The bot is live in 10 seconds. Open Telegram, search for your bot username, send “hello.” You’ll get a real reply.

Path B: Self-hosted (30 minutes, optional)

If you want full control over the infrastructure, see our self-host guide: Install Hermes Agent. Or pick a VPS provider:

Self-host pays off if you have specific privacy needs or want to run local models. For most personal-use bots, managed is faster and the cost gap is small.

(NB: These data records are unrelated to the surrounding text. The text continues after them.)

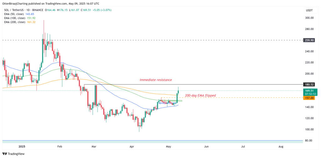 نمودار روزانه نیز این چشمانداز را تایید میکند. سولانا اخیراً بالاتر از میانگین متحرک نمایی ۲۰۰ روزه بسته شده و اولین مقاومت پیش رو در محدوده ۱۸۰ دلار قرار دارد. اگر در هفتههای آینده این سطح شکسته و به حمایت تبدیل شود، ممکن است در سهماهه سوم سال ۲۰۲۵ شاهد یک رشد انفجاری باشیم.
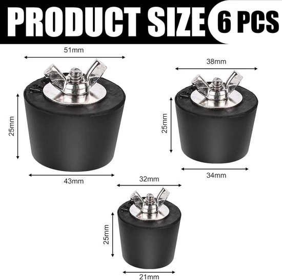 - Contents: 6 stoppers of different sizes (32mm/38mm/51mm)
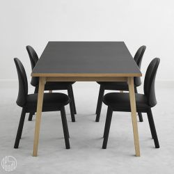 Slice is a fixed table with oak legs and a laminate top finished with a layer of linoleum, a durable, sturdy, scratch- and stain-resistant, and fingerprint-resistant natural material. The edges are oak veneer.
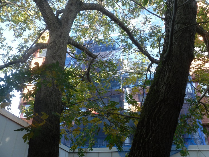 Vårdträdet på innergården, som i en ask.
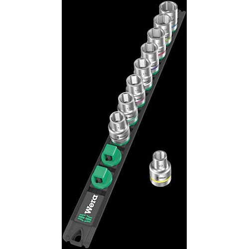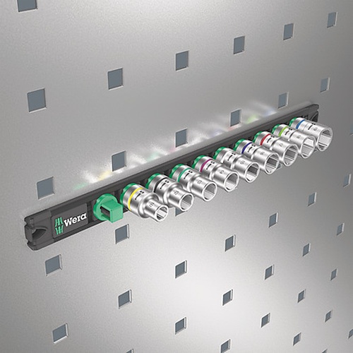 Socket rail with 9 manual and machine sockets (non-impact), 1/2″. A smooth rotary mechanism allows a secure hold and easy access of the sockets. With Take it easy tool finder with colour coding by size – to help you find the required tool quickly and easily. The rail allows temporary attachment to metallic surfaces and, with its twist-to-unlock function, ensures secure locking and unlocking of the sockets.
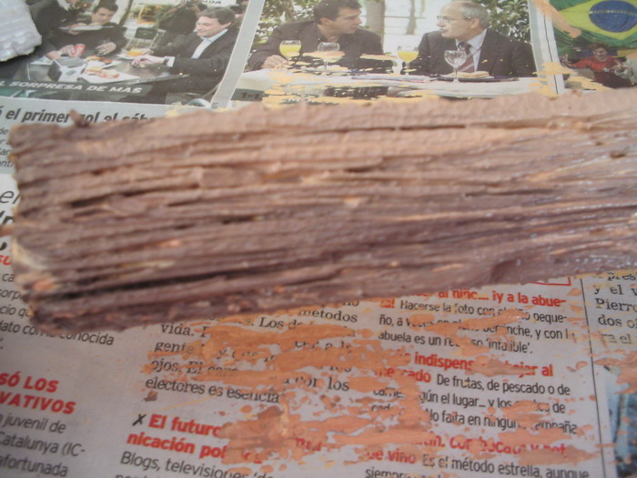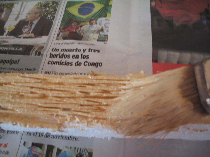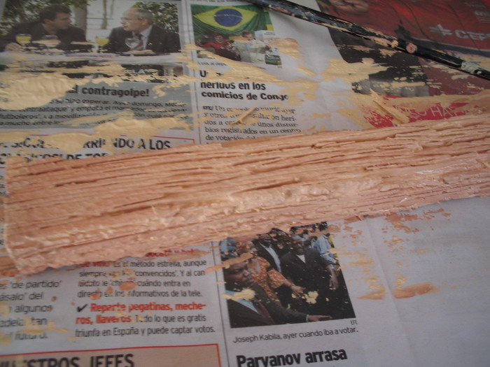 Los pasos son buen sencillos, una vez q esta seca la capa de escallola, damos primeramente una capa uniforme de tinte de nogal con un pincel grande para intentar cubrir la superficie. Despues damos una segunda mano con el pincel sin tener en cuanta q qde uniforme, ya q precisamente esos defectos que se crean al secarse de forma diferente seran las betas de la madera, y el sentido q utilicemos es el q tendran las betas al final. Por ultimo aplicamos con un pincel una capa con el betun, también en el mismo sentido pero no uniformemente para crear betas.
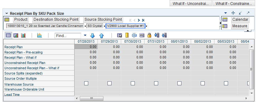 The Receipt Plan represents the Final Constrained Receipt Plan calculated in the most recent batch run. The receipts include any impacts due to scaling to Supplier Minimums and Container Minimums. |
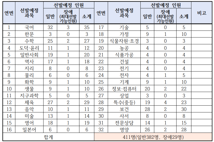 교과과목 중에서는 국어의 티오가 35명으로 가장 많고, 체육이 29명, 수학이 27명 입니다.
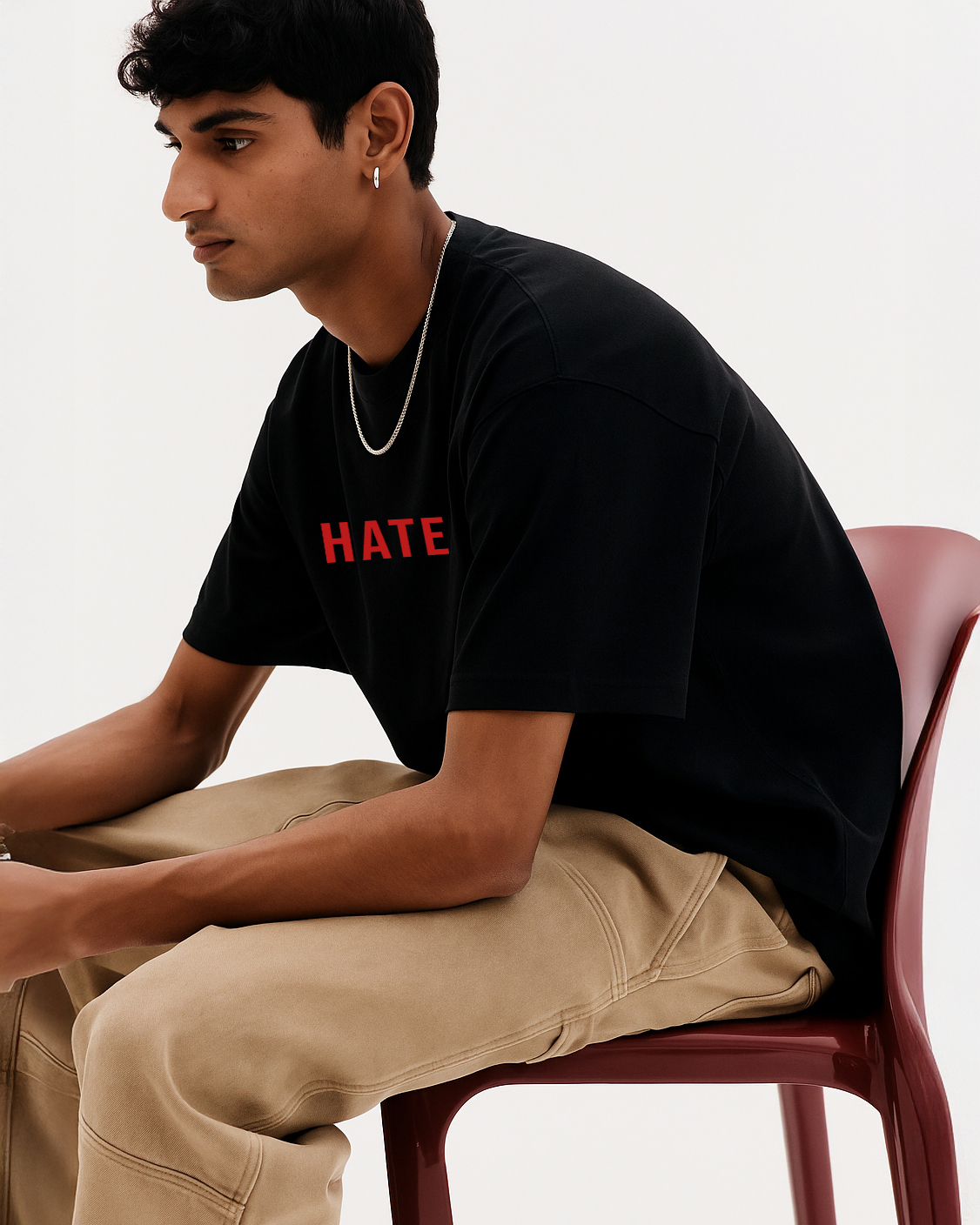 Front print: “HATE” in bold red font
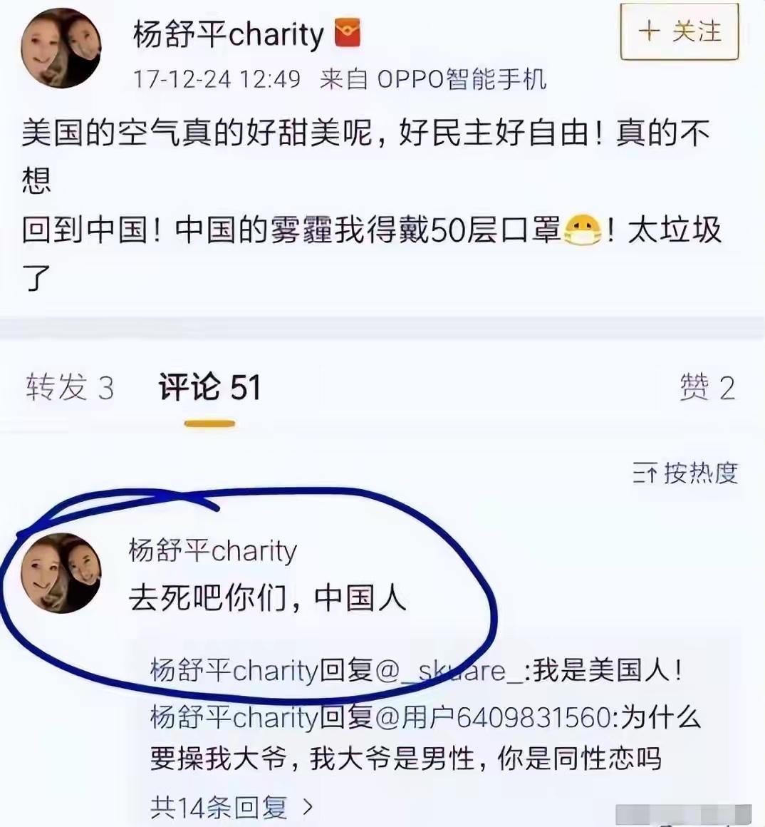 “空气香甜女”杨舒平,已被美国驱逐出境,如今回国下场大快人心。 杨舒平1993年出生在云南昆明,父母都是当地公务员,家庭条件稳定。她从小接受良好教育,学习成绩一直不错,顺利拿到全额奖学金,前往美国马里兰大学留学。2017年5月,她在学校毕业典礼上发表演讲,公开贬低家乡昆明的空气质量,刻意夸赞美国空气清新香甜,这番言论被现场拍摄并传到网络,迅速引发全网热议。 当时昆明官方发布的空气质量数据显示,当地全年优良天数比例接近满分,根本不存在她所说的出门必须戴多层口罩的情况。她为了迎合现场氛围,刻意歪曲事实,伤害了国人的情感,也让海外中国留学生群体的形象受到影响。马里兰大学中国学生会第一时间发声,澄清事实,挽回被损害的华人形象。 演讲事件发酵后,杨舒平曾在社交平台发布道歉声明,称自己热爱祖国和家乡,只是表达不当。但这份道歉并没有得到公众认可,因为她的言论不是无心之失,而是刻意迎合的刻意表达。事件发生后,她在美国的学习和生活受到明显影响,身边同学和华人圈子对她的态度变得疏远。 本科毕业后,杨舒平想留在美国工作生活,她投递了大量简历,却因为这段负面舆论,没有企业愿意录用她。美国企业做背景调查时,都会查到她的演讲事件,企业担心录用她会引发舆论风险,所以全部拒绝了她的求职申请。 留美无望后,她试图前往韩国发展,可她的负面新闻早已传到韩国,当地企业同样不愿接纳她。在韩国短暂停留后,她既没有合法工作身份,也没有稳定收入来源,只能被迫离开。 她的美国签证到期后,因为没有合法居留资格,被美国相关部门按规定驱逐出境。2025年前后,杨舒平最终回到国内,回到了她曾经贬低过的家乡昆明。 回国后,她的求职之路同样艰难。国内企业招聘时,只要输入她的名字,就能看到当年的演讲事件,没有公司愿意承担舆论风险聘用她。有信息显示,她先后投递上百份简历,全部没有回音。 她尝试过改名换姓,试图重新开始生活,可互联网有记忆,她的过往经历很容易被查到。她也试过做直播等线上工作,一开直播就有网友提及当年的言论,她只能匆匆下线。 如今的杨舒平没有稳定工作,日常只能依靠家人生活,曾经的留学光环彻底消失。她的家人也因为她的言论受到牵连,在当地生活受到不少议论,原本安稳的生活被彻底打乱。 她当年以为靠贬低祖国就能获得国外的认可,却没想到连美国也不尊重不热爱自己国家的人。一个人连自己的根都否定,走到哪里都不会得到真正的尊重。 各位读者你们怎么看?欢迎在评论区讨论。

Step 5: Test the memory (3 minutes)

This is the part that makes a personal agent feel different from ChatGPT. In Telegram, send your bot:

Remember that I prefer answers in metric units, not imperial.
Remember that my main project right now is launching a SaaS product.
Remember that I have a deadline of June 1.

Wait an hour. Send: “What temperature should I bake bread at?” The agent replies in Celsius without being asked.

Wait a day. Send: “What should I focus on this week?” The agent answers in the context of your launch deadline.

That’s the persistent memory working. Hermes Agent uses multi-level memory by default; OpenClaw bots use session memory plus an optional Qwen embedding store on Pro.

Tips that make your agent better

1. Use the bot daily

Memory only gets useful if you use the agent — the more context you build, the more it can connect. Treat it like a journal you talk to.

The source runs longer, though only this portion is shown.